In this baseline scenario, G20 economies’ inflation is expected to peak at 4% this year, then fall to 3.1% next year. Interest rates are largely unchanged in 2024, with rate cuts likely next year. After robust global trade growth in 2025, a more moderate expansion is expected, but continued growth in demand and investment for AI-related goods—especially in Asia—will provide some support.
However, if the conflict continues to spread, the outlook changes dramatically. Some economies may fall into substantial recession, with Asian countries highly dependent on Middle Eastern energy most affected. The OECD notes this downside risk is the core variable influencing the global outlook.

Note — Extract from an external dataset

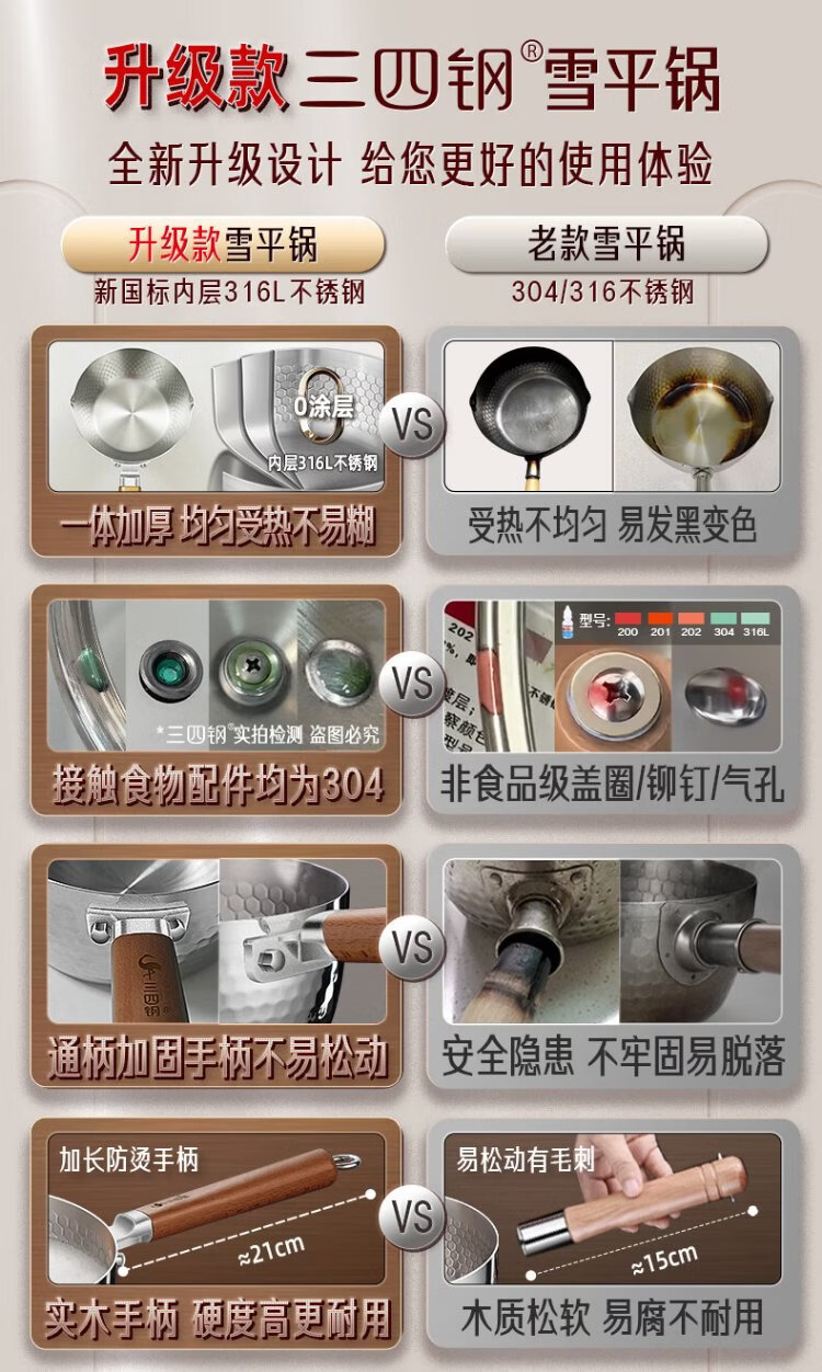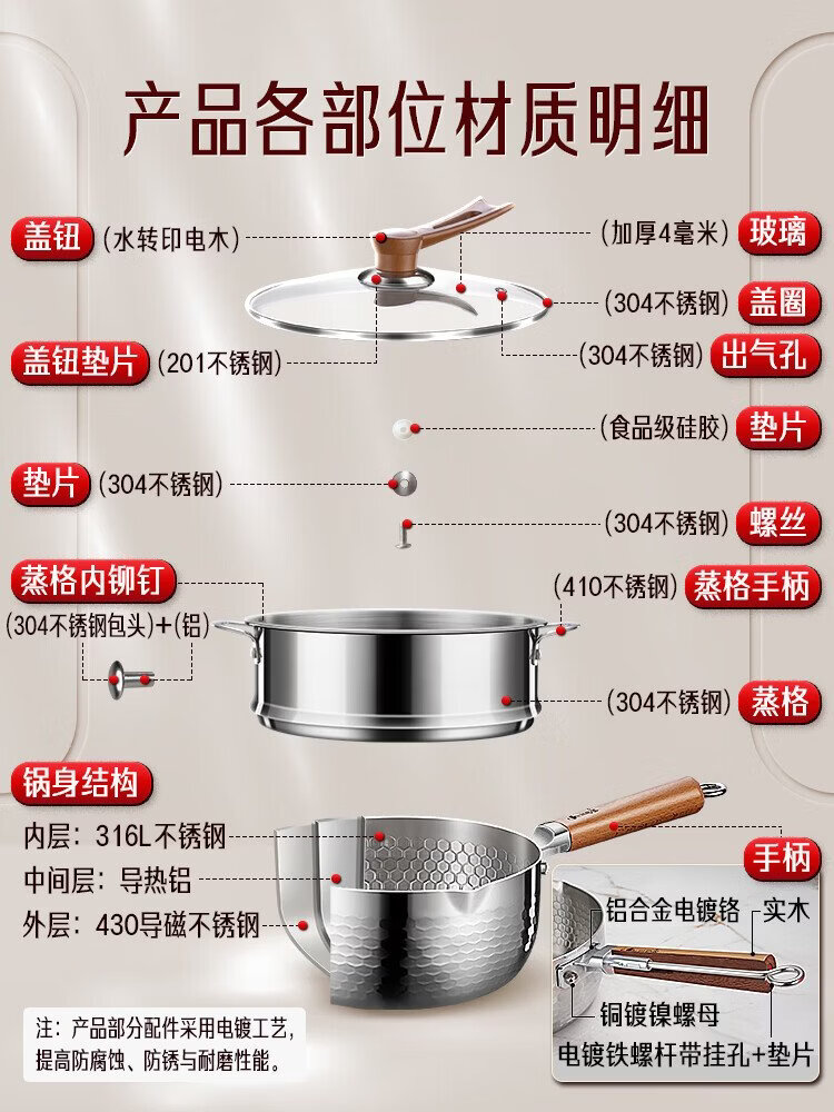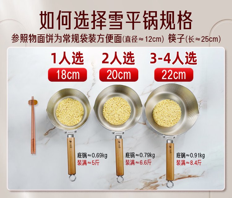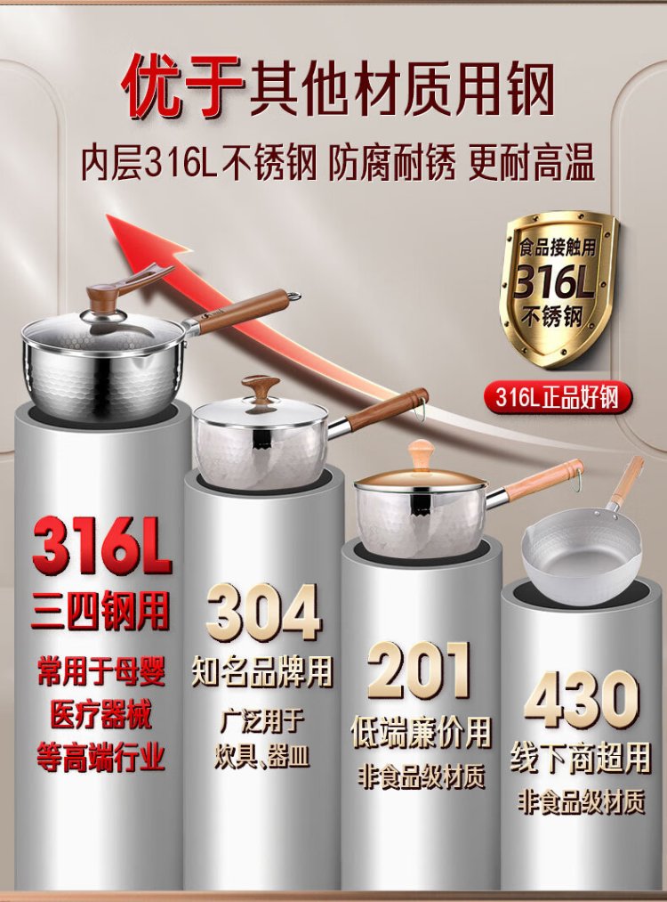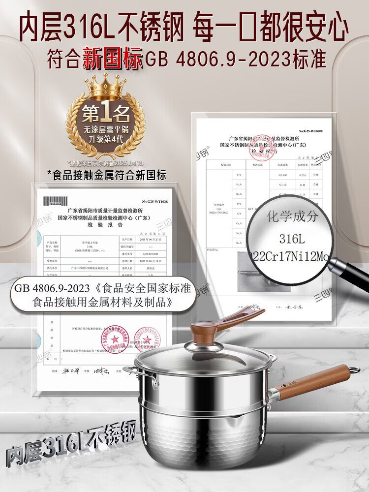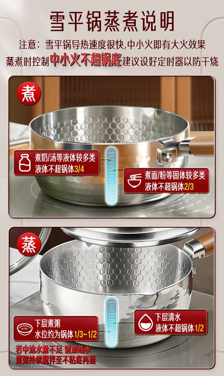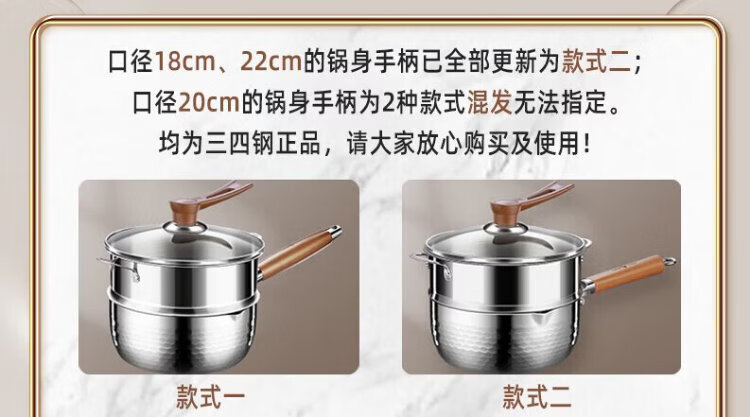 Sansi Steel Snow Ping Pan inner layer 316L stainless steel milk pot food supplement small soup pot instant noodle cooking pot 20cm food grade one-piece molding

Major Economies: Divergence Intensifies
Major economies show clear divergence in both scenarios. In the US, strong energy exports may partly offset the drag of higher prices on consumer purchasing power, causing growth to slow slightly but remain relatively resilient.
Eurozone growth faces significant downward pressure, expected to slow from 1.4% in 2024 to 0.8%, before rebounding to 1.2% next year—labor market resilience and increased defense spending will partly offset fiscal tightening. UK growth is expected to drop to 0.9% this year, then climb to 1.1% in 2027 as global trade stabilizes and financial conditions improve.
Japan is identified as one of the economies hardest hit by trade disruptions, with growth plunging from 1.1% in 2025 to 0.6% in 2026, and only a slight rebound to 0.8% in 2027, further downgraded from the March forecast. The OECD notes that although subsidies can help buffer the energy shock, Japan still needs to formulate a "clear and credible" medium-term fiscal consolidation plan amid rising interest rates.